“It is not like that, Bevis.” She only needed to remind him. The reality before them mocked his words. “He would not have called to us if he were happy. He would not have appeared to Cicely. He is not angry. I understand it all. He is trying to get through, but it is not because he is angry. It is because he feels I have gone from him. He is lonely, Bevis; and lost. Like the curlew. Like the poor, forgotten curlew.”

When she said that, something seemed to break in his heart, if there were anything left to break. He sat for a little while, still looking down at the hand he held, the piteous, engulfed hand. But it was a pity not only for her, but for himself, and, unendurably, for Malcolm, in that vision she evoked, that brought the slow tears to his eyes. And then thought and feeling seemed washed away from him and he knew only that he had laid his head upon her shoulder, as if in great weariness, and sobbed.

“Oh, my darling!” whispered Tony. She put her arms around him. “Oh, my darling Bevis. I’ve broken your heart, too. Oh, what grief! What misery!”

She had never spoken to him like that before; never clasped him to her. He had a beautiful feeling of comfort and contentment, even while, with her, he felt the waters closing over their heads.

“Darling Tony,” he said. He added after a moment, “My heart’s not broken when you are so lovely to me.”

Pressing her cheek against his forehead, kissing him tenderly, she held him as a mother holds her child. “I’d give my life for you,” she said. “I’d die to make you happy.”

“Ah, but you see,” he put his hand up to her shoulder so that he should feel her more near, “that wouldn’t do any good. You must stay like this to make me happy.”

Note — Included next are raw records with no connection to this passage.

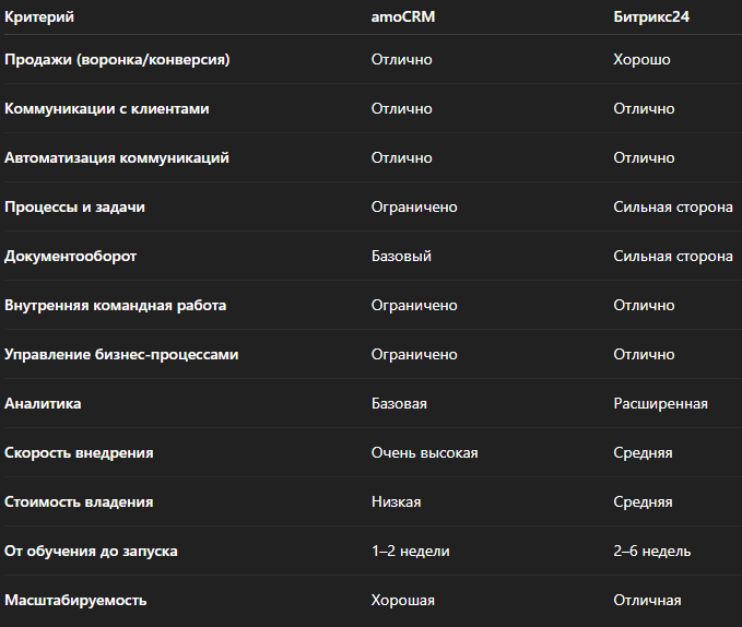 ✅ amoCRM лучше подходит для:
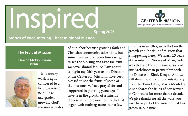 The Center for Mission serves the Archdiocese of St. Paul and Minneapolis by offering opportunities to engage with mission communities overseas as well as expressing mission spirit here at home. This What’s New section is updated frequently with important events, dates and activities for the archdiocese.
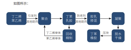 丁苯橡胶的生产工艺流程主要包括聚合、未反应单体的回收、胶乳掺混、凝聚、脱水与干燥、压块包装等六个主要工序。
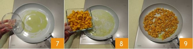 Take a non-stick pan with a wide bottom in which you will sauté the chopped shallot with 3.5 tablespoons of oil over low heat 7, stirring often to prevent it from burning: it will take about 5 minutes. Once it is golden, add the pumpkin 8 and cook it over low heat, adding hot water (the pasta cooking water will do) if the pumpkin dries out too much during cooking. It will take about 15 minutes over moderate heat to get soft pumpkin cubes that do not fall apart 9. Finally, adjust the seasoning with salt and pepper.
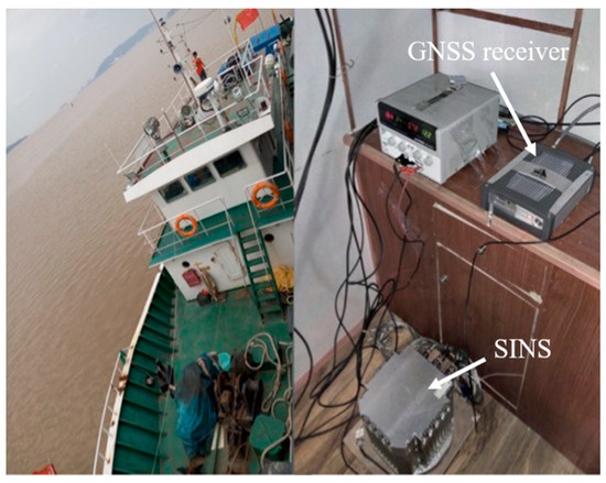 In this section, we conduct tests using actual shipborne data and in a dynamic sea environment. Three groups of tests were performed to verify the performance of our proposed method in initial alignment under different sea and swaying conditions. The experiment environment and devices are illustrated in Figure 5. We utilized a high-precision ring laser gyros SINS with gyro drift better than 0.005°/h and accelerometer stability better than 10 μg. The SINS sampling rate was set at 200 Hz.
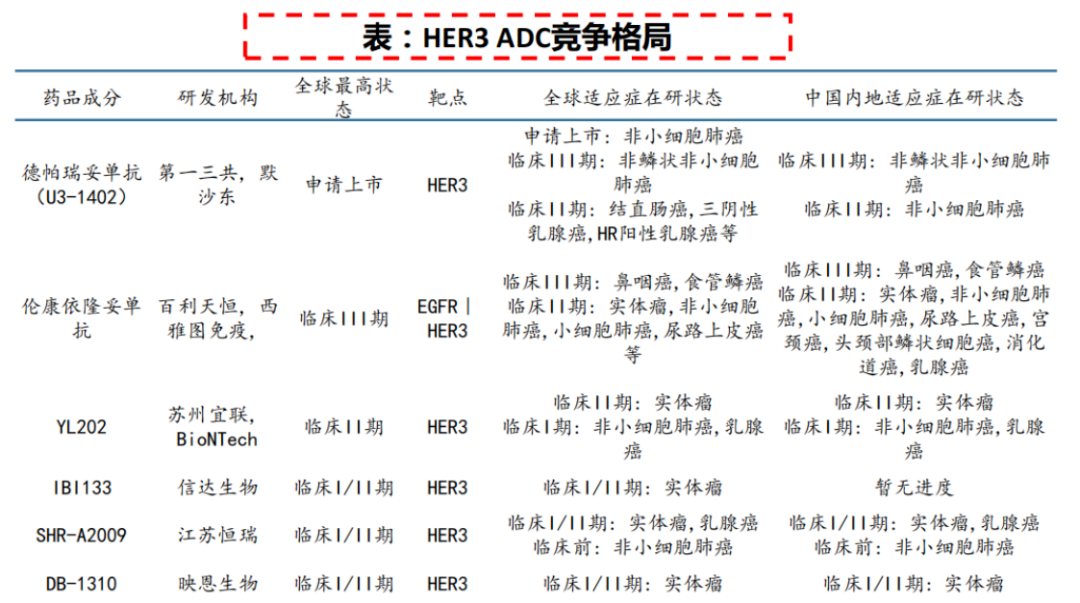 随着HER3 ADC药物在实体瘤的治疗潜力得到证实,不少药企纷纷布局。
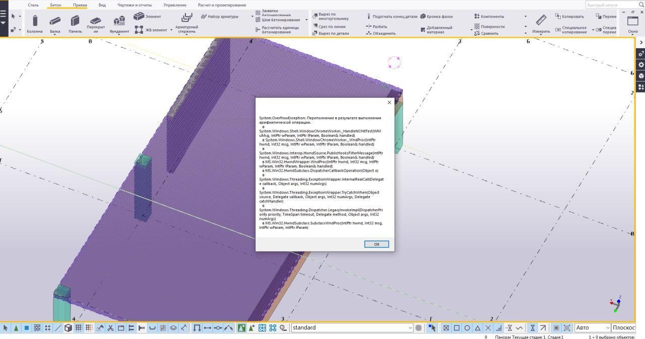 вылетает периодически такая ошибка в TS. первый раз было из-за выреза детали деталью. Второй раз было из-за перемещения точки плиты без вырезов. Третий раз из-за армирования компонентом "Стержни сетки"
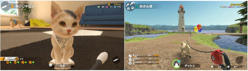 本作は、本物さながらの表情や仕草をする犬や猫との生活を送ることができる作品です。 犬や猫の育成シミュレーションゲームは、これまでも人気を博したジャンルですが、Nintendo Switchならではの特色や機能を活かすことで、新しいコミュニケーションを実現しました。造形やアニメーション、細かな毛並みに至るまでこだわったビジュアルに加えて、HD振動を通じて犬や猫と本当にふれあっている様な感覚を楽しむことができます。

“If I could!” she breathed.

They sat thus for a long time and, in the stillness, sweetness, sorrow, he felt that it was he and Tony who lay drowned in each other’s arms at the bottom of the sea, dead and peaceful, and Malcolm who lived and roved so restlessly, in the world from which they were mercifully sunken. They were the innocent ghosts and he the baleful, living creature haunting their peace.

“Don’t go. Why do you go?” he said, almost with terror, as Antonia’s arms released him. She had opened her eyes; but not to him. Their cold, fixed grief gazed above his head. And the faint, deprecatory smile flickered about her mouth as, rising, she said: “I must. Cicely will soon be back. And I must rest again. I must rest for to-morrow, Bevis dear.”